*** Opening of Supplied records ***

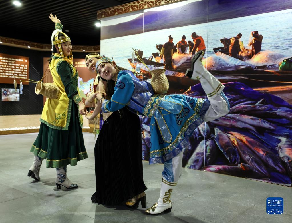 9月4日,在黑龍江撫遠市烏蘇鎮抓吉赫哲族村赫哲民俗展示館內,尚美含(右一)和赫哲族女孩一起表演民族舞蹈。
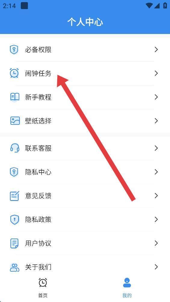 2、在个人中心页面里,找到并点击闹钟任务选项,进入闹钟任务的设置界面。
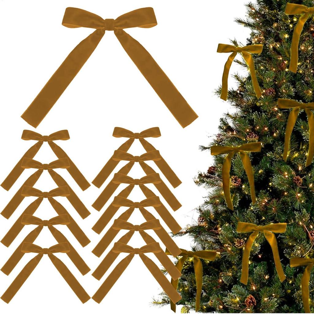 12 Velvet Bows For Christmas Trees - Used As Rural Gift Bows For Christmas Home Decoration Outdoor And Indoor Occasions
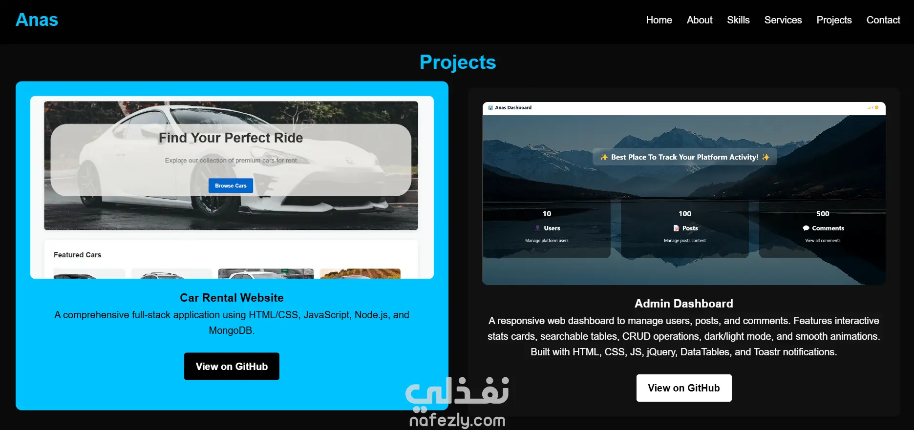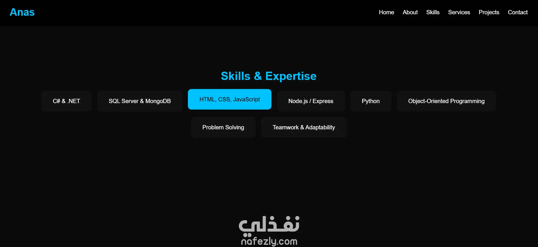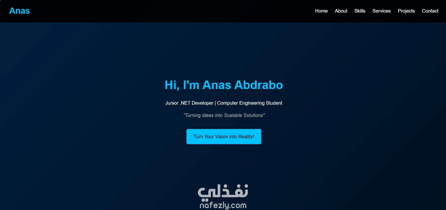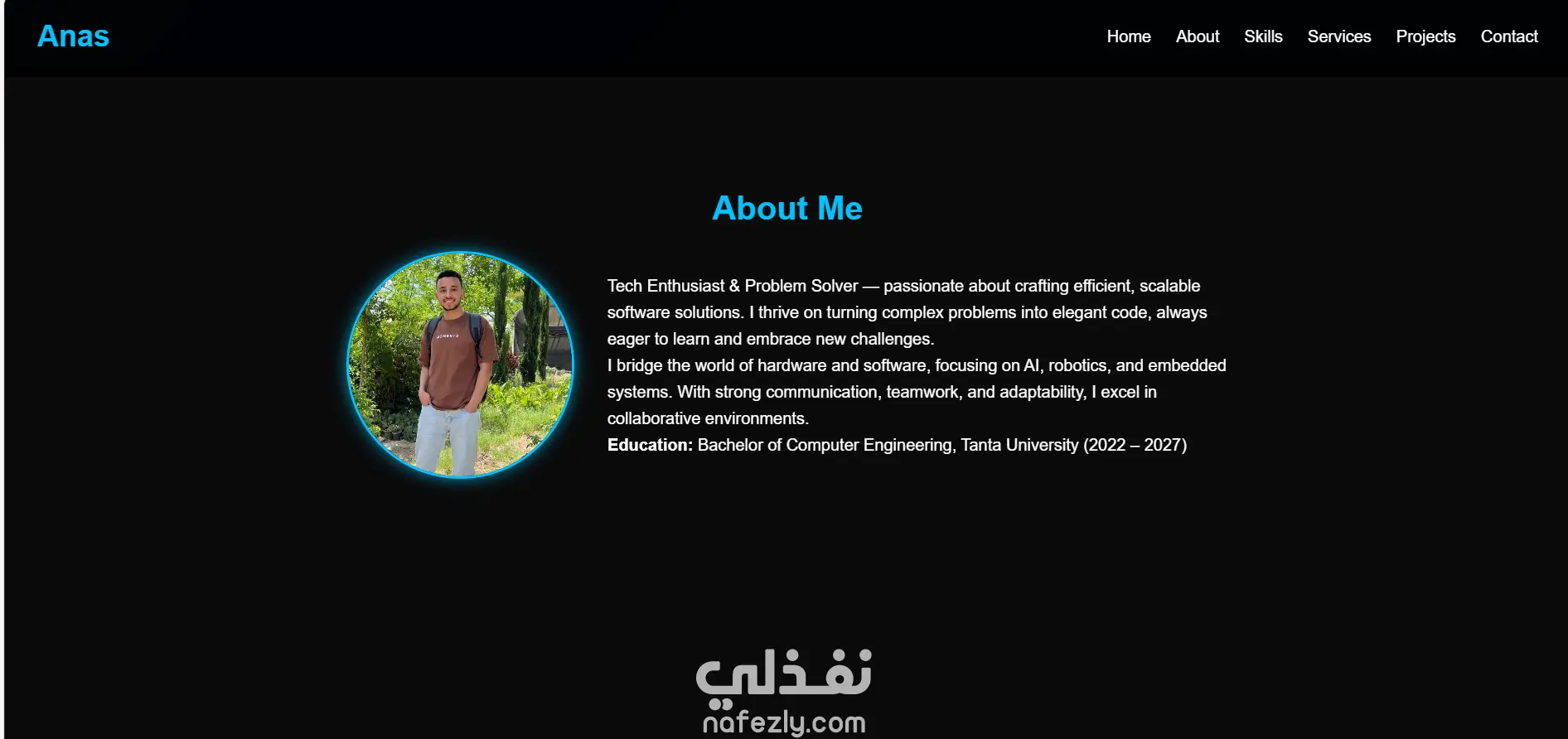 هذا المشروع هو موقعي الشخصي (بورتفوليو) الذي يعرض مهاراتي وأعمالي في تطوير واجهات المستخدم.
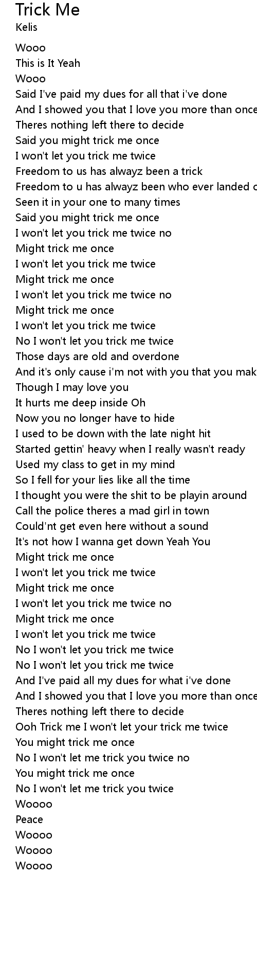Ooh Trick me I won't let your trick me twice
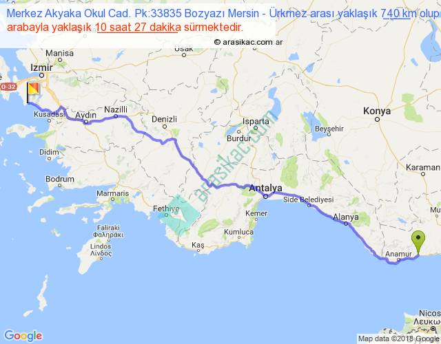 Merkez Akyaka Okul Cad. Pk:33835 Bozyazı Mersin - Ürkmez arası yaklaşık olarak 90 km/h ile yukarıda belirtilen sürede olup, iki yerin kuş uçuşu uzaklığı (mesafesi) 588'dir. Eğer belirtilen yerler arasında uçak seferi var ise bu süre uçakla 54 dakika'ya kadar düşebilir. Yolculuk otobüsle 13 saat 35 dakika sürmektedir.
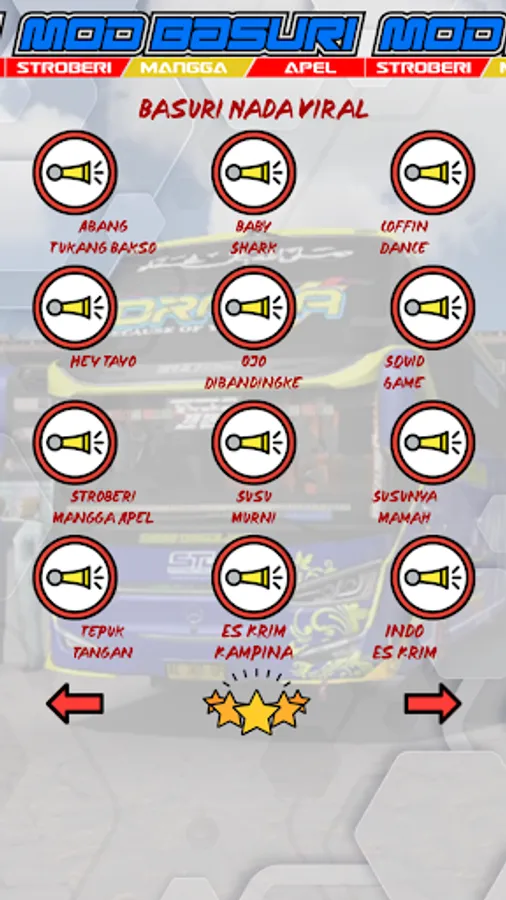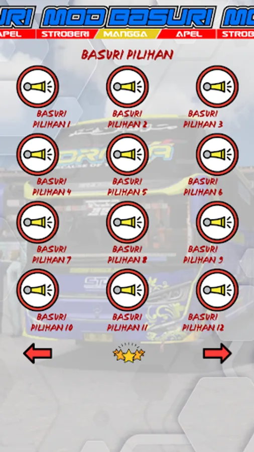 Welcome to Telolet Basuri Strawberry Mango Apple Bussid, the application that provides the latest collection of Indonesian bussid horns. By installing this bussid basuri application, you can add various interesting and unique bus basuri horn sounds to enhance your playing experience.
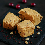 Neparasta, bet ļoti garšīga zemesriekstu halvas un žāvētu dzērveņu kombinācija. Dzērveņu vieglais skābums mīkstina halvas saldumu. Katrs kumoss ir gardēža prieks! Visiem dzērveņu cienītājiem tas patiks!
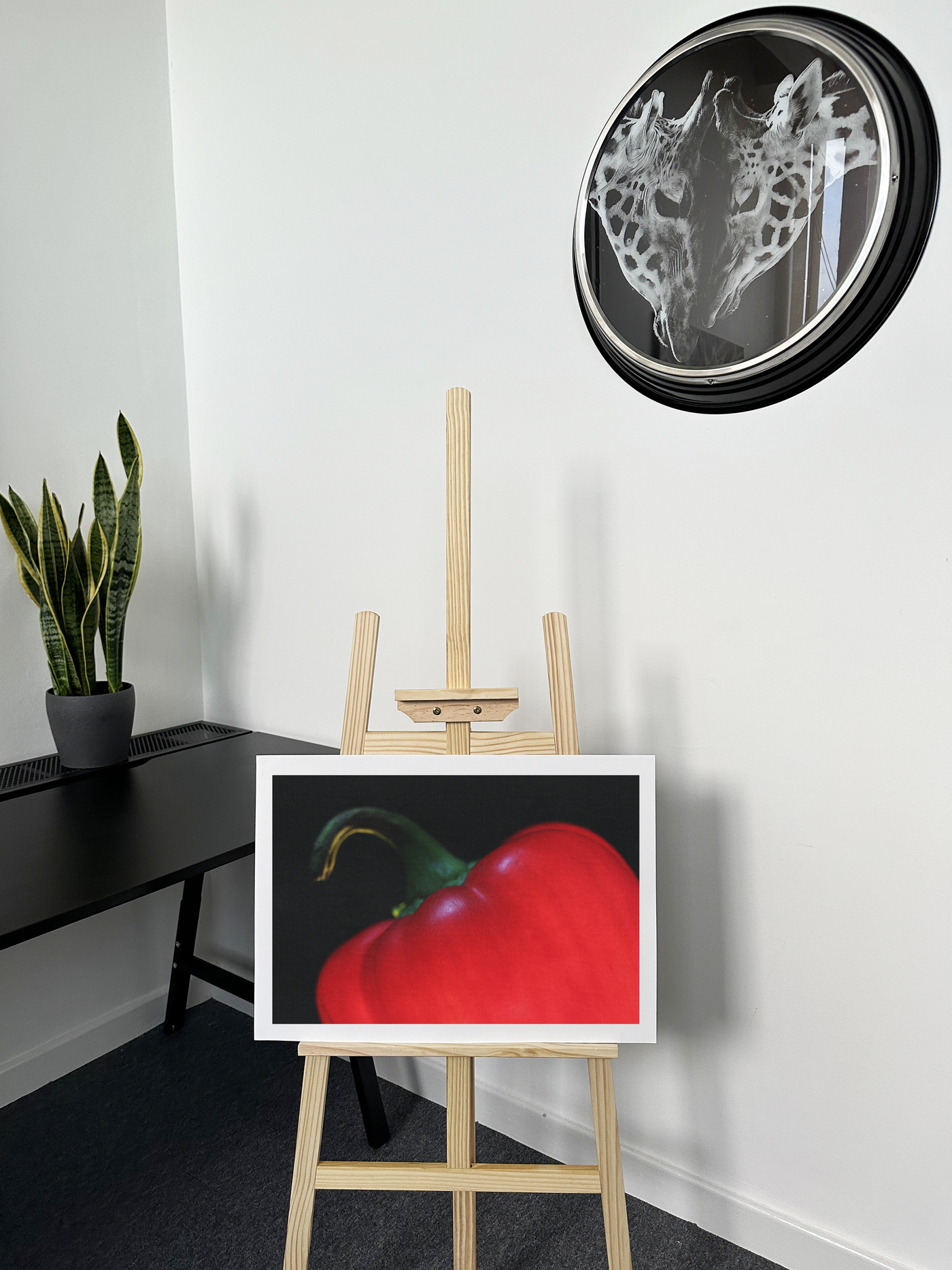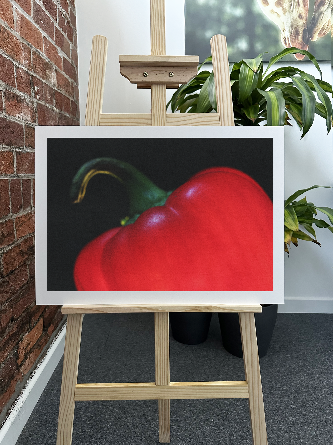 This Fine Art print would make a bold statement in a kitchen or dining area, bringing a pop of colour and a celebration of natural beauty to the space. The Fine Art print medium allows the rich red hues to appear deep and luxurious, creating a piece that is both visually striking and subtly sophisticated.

*** Close of Supplied records ***

**What needs to be done**
Copy exactly the lines from the line holding "Welcome to Telolet" to the final line of the listing, and leave the pictures out.

**Answer space**
 Welcome to Telolet Basuri Strawberry Mango Apple Bussid, the application that provides the latest collection of Indonesian bussid horns. By installing this bussid basuri application, you can add various interesting and unique bus basuri horn sounds to enhance your playing experience.
 Neparasta, bet ļoti garšīga zemesriekstu halvas un žāvētu dzērveņu kombinācija. Dzērveņu vieglais skābums mīkstina halvas saldumu. Katrs kumoss ir gardēža prieks! Visiem dzērveņu cienītājiem tas patiks!
 This Fine Art print would make a bold statement in a kitchen or dining area, bringing a pop of colour and a celebration of natural beauty to the space. The Fine Art print medium allows the rich red hues to appear deep and luxurious, creating a piece that is both visually striking and subtly sophisticated.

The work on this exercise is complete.